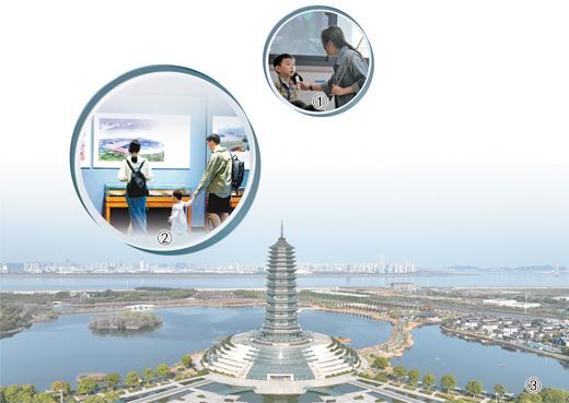 远远望去,博物馆主体建筑就像漂浮在水面上的水晶宝塔。塔顶,“青龙、白虎、朱雀、玄武”四灵拱卫的巨型龙钮印章镌刻着《史记·河渠书》,“水利”一词由此出,展示着中国水利文化的源远流长。
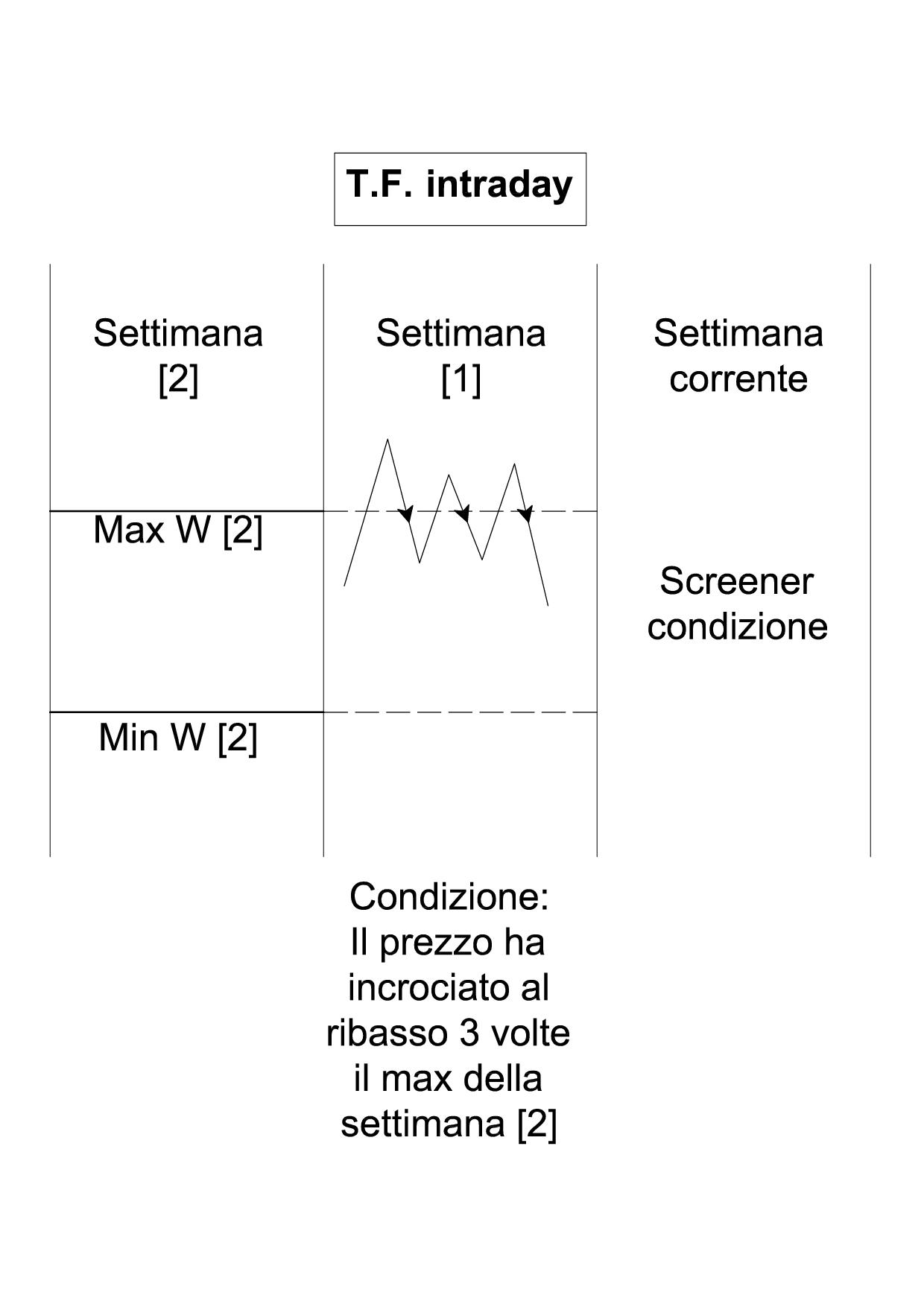 Nella settimana [1], il prezzo deve superare al rialzo e poi tornare sotto il Max W[2] per almeno 3 volte (quindi 3 incroci ribassisti);
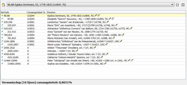 rechts komen inderdaad de 16 gezamenlijke voorouders op en kan je per lijn bekijken hoe deze dan wel loopt tussen twee personen.
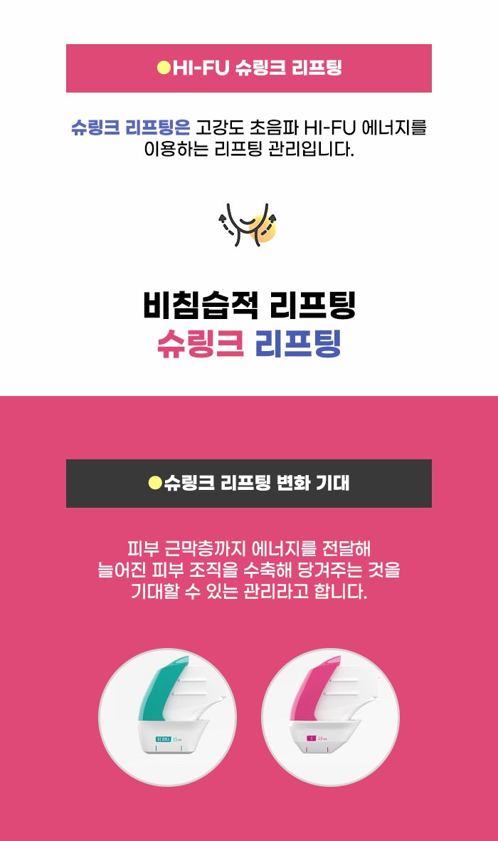 슈링크는 고강도 초음파 에너지를 사용해 늘어진 피부를 당기는 변화를 기대할 수 있다고 합니다. 볼뉴머의 경우 고주파 에너지를 전달해 피부 속 줄어든 콜라겐 재생 유도를 기대할 수도 있다고 합니다. 현재 얼굴선 처짐, 지방의 늘어짐 때문에 스트레스를 받는 경우 시너지를 낼 수 있는 다른 관리에 대해서도 궁금할 수 있을 것 같은데요. 다양한 리프팅 관리에 대해서도 알아볼 수 있다고 하니 참고하셨으면 좋겠습니다.
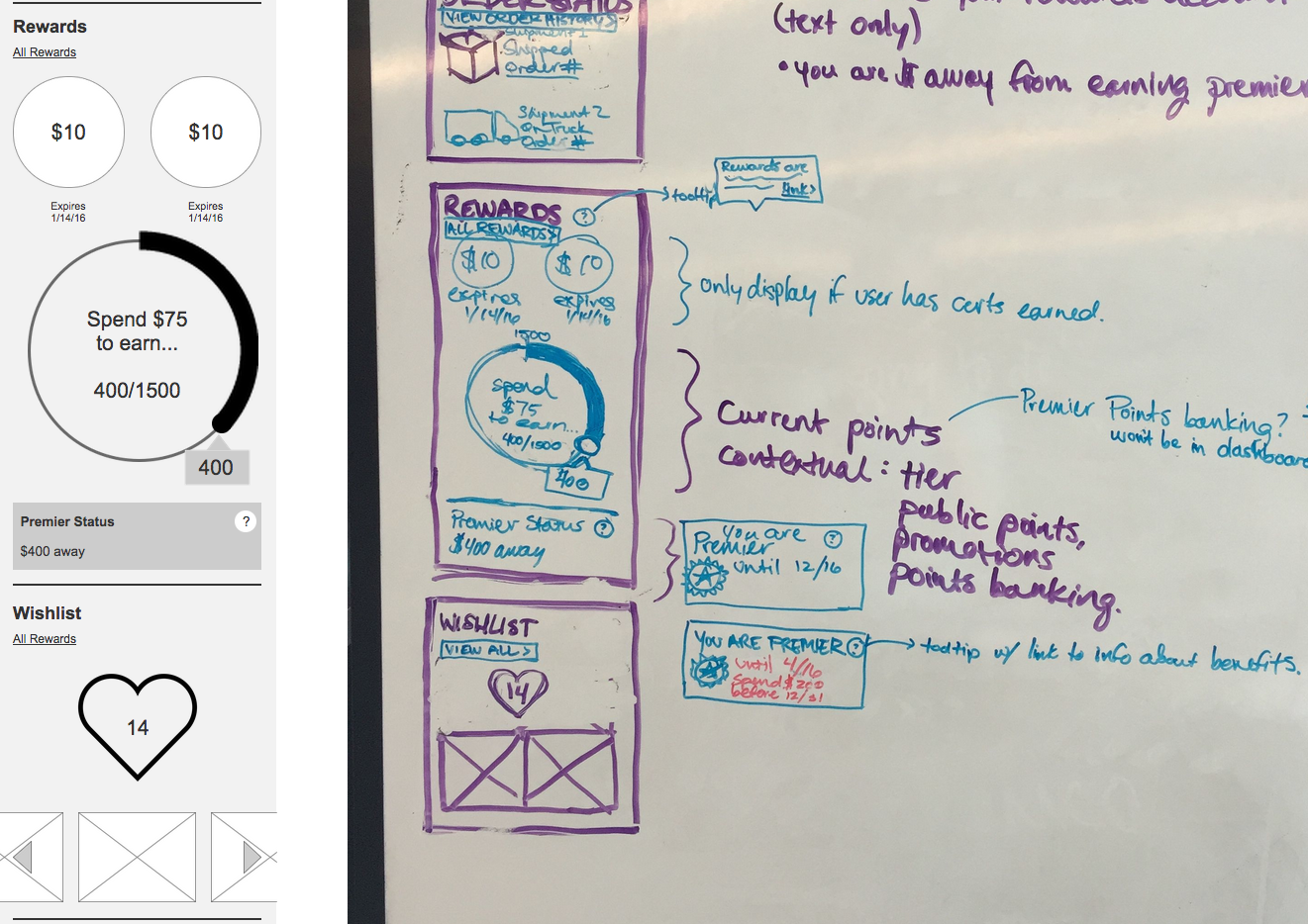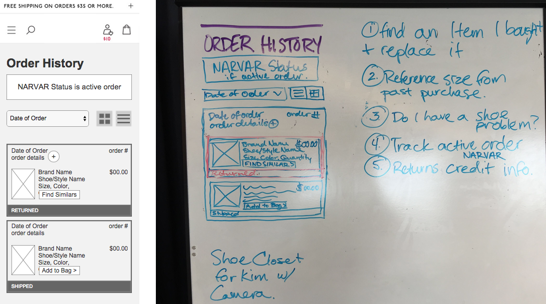 During my time working for a large shoe retailer I was tasked to create wireframes, in Axure, based on a white-boarding session. The white-boarding session was held to hash out the details of the retailer's mobile shopping experience.
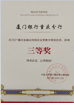 廈門銀行重慶分行榮獲2021年重慶金融業(yè)網(wǎng)絡(luò)安全競賽”三等獎”

### Task instructions
Output every entry above exactly as written, but omit the pictures.

### Task response
 远远望去,博物馆主体建筑就像漂浮在水面上的水晶宝塔。塔顶,“青龙、白虎、朱雀、玄武”四灵拱卫的巨型龙钮印章镌刻着《史记·河渠书》,“水利”一词由此出,展示着中国水利文化的源远流长。
 Nella settimana [1], il prezzo deve superare al rialzo e poi tornare sotto il Max W[2] per almeno 3 volte (quindi 3 incroci ribassisti);
 rechts komen inderdaad de 16 gezamenlijke voorouders op en kan je per lijn bekijken hoe deze dan wel loopt tussen twee personen.
 슈링크는 고강도 초음파 에너지를 사용해 늘어진 피부를 당기는 변화를 기대할 수 있다고 합니다. 볼뉴머의 경우 고주파 에너지를 전달해 피부 속 줄어든 콜라겐 재생 유도를 기대할 수도 있다고 합니다. 현재 얼굴선 처짐, 지방의 늘어짐 때문에 스트레스를 받는 경우 시너지를 낼 수 있는 다른 관리에 대해서도 궁금할 수 있을 것 같은데요. 다양한 리프팅 관리에 대해서도 알아볼 수 있다고 하니 참고하셨으면 좋겠습니다.
 During my time working for a large shoe retailer I was tasked to create wireframes, in Axure, based on a white-boarding session. The white-boarding session was held to hash out the details of the retailer's mobile shopping experience.
 廈門銀行重慶分行榮獲2021年重慶金融業(yè)網(wǎng)絡(luò)安全競賽”三等獎”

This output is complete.